Week 8: GitOps with ArgoCD + DevSecOps Pipeline
Overview
Duration: 3 hours
Format: Lecture + Hands-on Labs
You've spent seven weeks building containers by hand — Dockerfiles, multi-stage builds, Kustomize overlays, network policies, Helm charts. Every deployment was manual: you pushed code and either ran kubectl apply yourself or waited for someone else's automation to pick it up.
This week you own the full loop. You'll install ArgoCD on your own cluster, fork a portfolio template that you'll keep after the course, understand the 8-stage security pipeline protecting it, and deploy it via GitOps. When something breaks, you'll learn the only way to fix it.
The result: a working DevSecOps portfolio piece — your code, your pipeline, your cluster, your deployment. Something you can show an employer.
Learning Outcomes
By the end of this class, you will be able to:
- Install ArgoCD on a kind cluster using Helm and explain what each component does
CKA: Cluster Architecture, Installation and Configuration - Run five DevSecOps tools locally (ruff, bandit, hadolint, trivy, kubeconform) and explain what each catches
CKA: Troubleshooting - Read a CI/CD pipeline definition and explain its fail-fast stage ordering
CKA: Troubleshooting - Deploy an application to Kubernetes via ArgoCD GitOps (push -> detect -> sync)
CKA: Cluster Architecture, Installation and Configuration - Demonstrate that rollback in GitOps means reverting the source, not clicking a UI button
CKA: Troubleshooting - Run a timed cluster-component troubleshooting sprint across DNS, scheduler symptoms, resource pressure, and multi-container log triage
CKA: Troubleshooting - Design and validate an HA control-plane topology and failure workflow
CKA: Cluster Architecture, Installation and Configuration - (Bonus) Integrate HashiCorp Vault for secrets management in a Kubernetes deployment
CKA: Cluster Architecture, Installation and Configuration - Complete a timed CKA-style mixed-domain mock sprint with evidence capture and remediation mapping
CKA: Troubleshooting + Cluster Architecture, Installation and Configuration + Services and Networking + Workloads and Scheduling + Storage
Pre-Class Setup
Verify tools:
kubectl version --client
kind version
helm version
docker version
gh auth status
pip --versionYou will also need a GitHub account and a fork of the devsecops-portfolio-template repository (Lab 1 walks you through this).
Key Concepts
GitOps: The Model
GitOps means Git is the single source of truth for your cluster state. An operator (ArgoCD) watches your repo and continuously reconciles the cluster to match what's in Git.
The core loop:
- Developer pushes a change to Git
- ArgoCD detects the change (polling or webhook)

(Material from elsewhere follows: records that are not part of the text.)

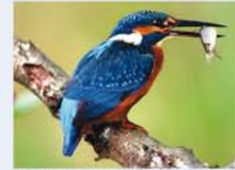
Eisvogel ( Alcedo atthis , engl. Kingfisher), Brutvogel, ganzjährig
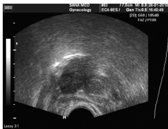
Рис. 2. Отставание прироста толщины эндометрия к середине стадии секреции у женщины подгруппы 2-а после терапии дюфастоном (эндометрий 7 мм толщиной)
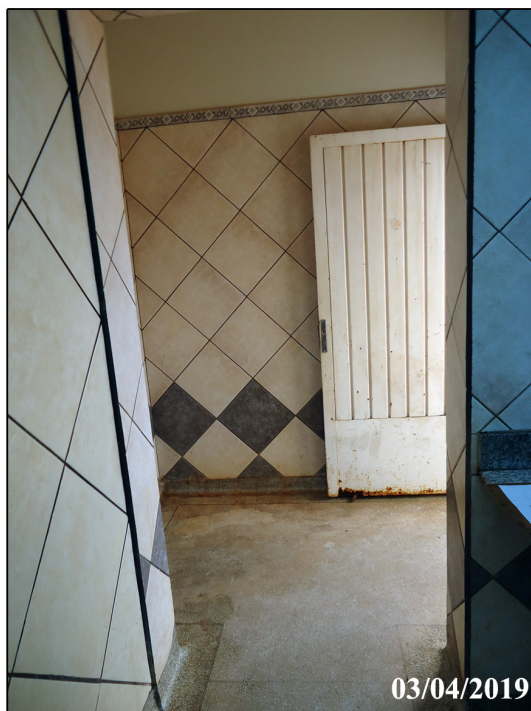
Vista interna do lavatório para o Hall de entrada
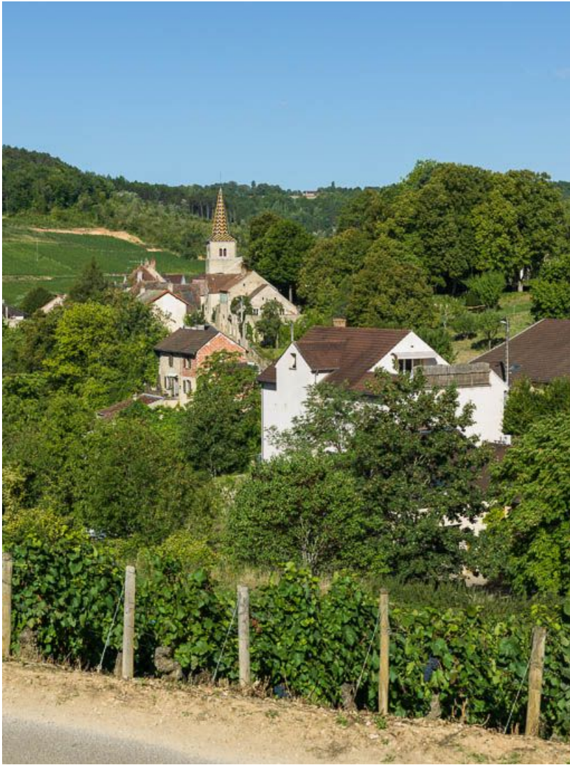
Vue générale de l'église et du village.

21, Pernand-Vergelesses rue Jacques-Copeau
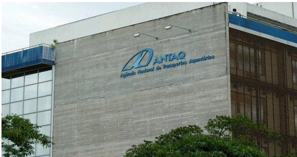
Figura 1 - Fachada da Agência Nacional de Transportes Aquaviários (ANTAQ).

O PDA está em sinergia com a estratégia da ANTAQ e instrumentos de gestão em nível tático da agência que viabilizam e potencializam as ações para divulgação e acesso a dados da Agência. Assim, faz-se necessário detalhar o alinhamento do PDA com o Plano Estratégico da ANTAQ, ciclo 2021-2024, Plano Diretor de Tecnologia da Informação e Comunicação (PDTIC), Política de Gestão de Riscos. No nível operacional, há necessidade do monitoramento das ações do PDA no Plano de Gestão Anual da ANTAQ.
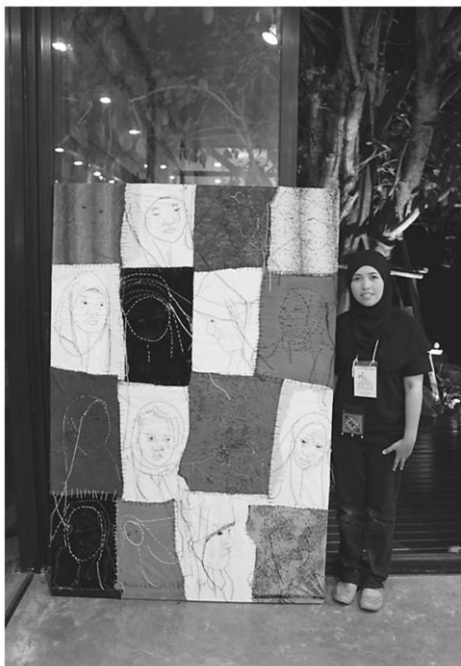
ใบหน้าของหญิงสาวที่เต็มไปด้วยความสูญเสียของซัลวานี ทะยี่สะแม

นี่เป็นการเปรียบเทียบมุมมองความคิดของคนกับสัตว์ที่มีต่อไหมพรม โดยคนทั่วไปอาจมองว่าไหมพรมเป็นสัญลักษณ์ของความยุ่งเหยิงและปมปัญหา ทำให้ไหมพรมกลายเป็นสัญลักษณ์ของ
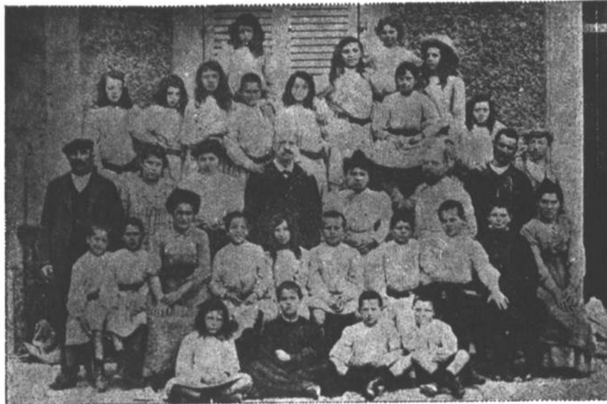
Fundada em outubro de 1905, por Sebastião Faure, em Rambouillet (Seine et Oise), França.

do virtuoso phylanthropo, appareceu uma manlhã balouçando-se em frente della, á maneira dum supplemento, o corpo do malfetor justicado, exposto pelas autoridades á publica vindicta.
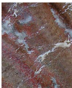
Figure 1. Marie Vanesse, Cerfontaine imité, https://atelier-pigments.blogspot.com , avec l'aimable autorisation de l'artiste © Marie Vanesse

- ArgoCD renders the manifests (
kustomize build) - ArgoCD compares rendered manifests to live cluster state
- ArgoCD applies the diff
ArgoCD Architecture
ArgoCD runs inside your cluster as a set of controllers:
- API Server — serves the UI and API
- Repo Server — clones repos, renders manifests (runs
kustomize build) - Application Controller — watches Applications, compares desired vs live state, syncs
Polling vs Webhooks
ArgoCD polls Git by default (every 3 minutes, we'll lower it to 30s for labs). Webhooks are faster but require your cluster to be reachable from GitHub — not possible with a local kind cluster.
Rollback in GitOps
This is the most important concept this week:
In GitOps, rollback means reverting the commit in Git. ArgoCD re-syncs the reverted state. Clicking "Rollback" in the UI works temporarily, but if auto-sync is on, ArgoCD will re-sync the bad commit from Git within seconds. The fix is always in the source.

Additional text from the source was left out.